-- Records supplied --
= = =

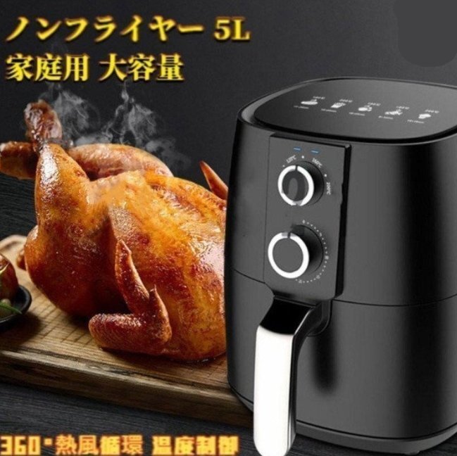- ノンフライヤー 5L 家庭用 大容量 電気フライヤー エアフライヤー 360°熱風循環 温度制御 30分タイマー 揚げ物 グリル ベーキング用
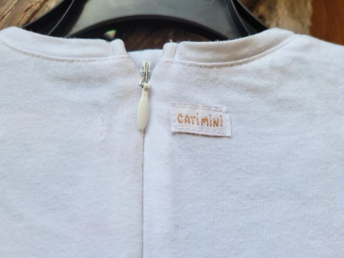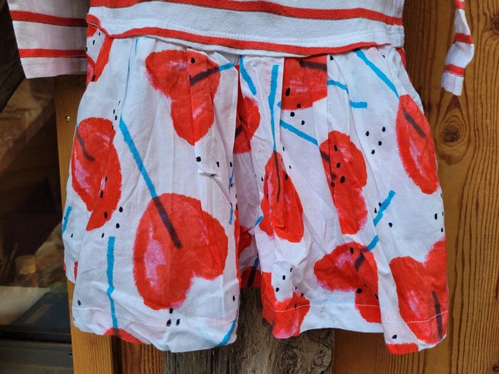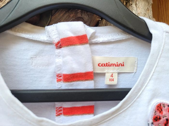 Superbe robe Catimini, blanche à fleurs et rayures rouges, 4 ans - photo numéro 7
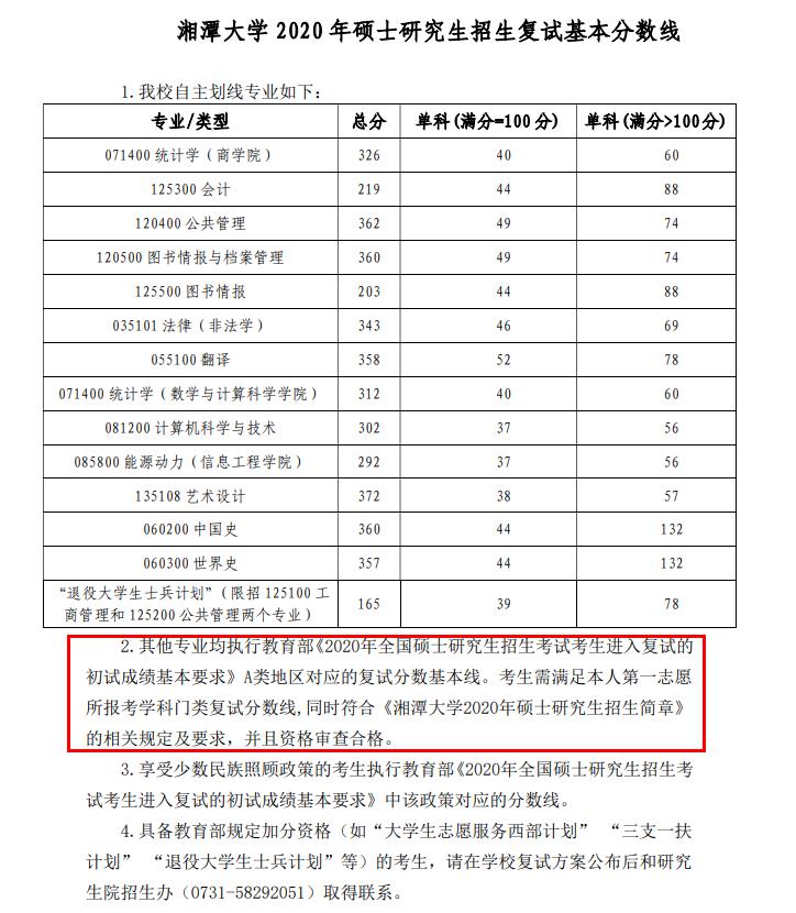 原文標題:湘潭大學 2020 年碩士研究生招生復試基本分數線
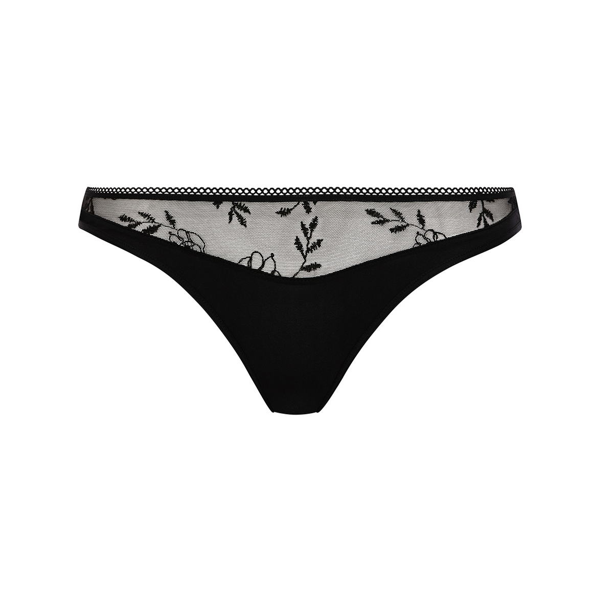 Трусы - стринги со средне-заниженной посадкой. Передняя и задняя панели выполнены из непрозрачной микрофибры; по-верхнему краю декорированы кружевом с цветочным орнаментом.
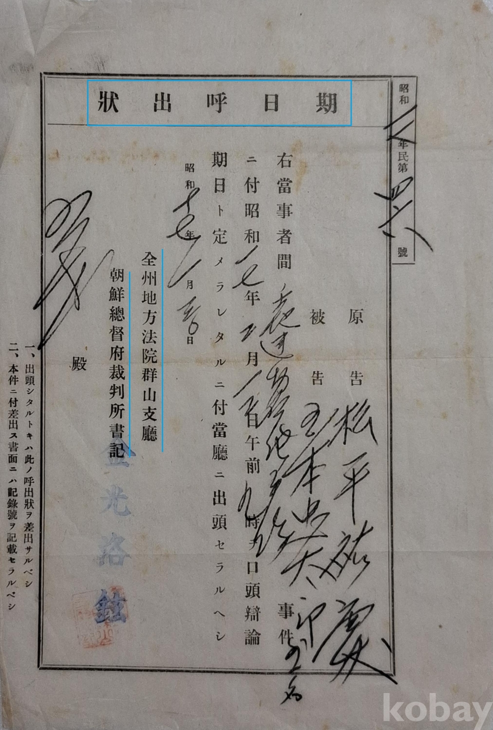 ◈ 원고와 피고에게 구두(口頭)로 변론할 기일이 정해졌으니 군산지청에 출두하라는 문서.

= = =

-- What this task involves --
The response must repeat all the lines above exactly and include no pictures.

-- Solution to this problem --
- ノンフライヤー 5L 家庭用 大容量 電気フライヤー エアフライヤー 360°熱風循環 温度制御 30分タイマー 揚げ物 グリル ベーキング用
 Superbe robe Catimini, blanche à fleurs et rayures rouges, 4 ans - photo numéro 7
 原文標題:湘潭大學 2020 年碩士研究生招生復試基本分數線
 Трусы - стринги со средне-заниженной посадкой. Передняя и задняя панели выполнены из непрозрачной микрофибры; по-верхнему краю декорированы кружевом с цветочным орнаментом.
 ◈ 원고와 피고에게 구두(口頭)로 변론할 기일이 정해졌으니 군산지청에 출두하라는 문서.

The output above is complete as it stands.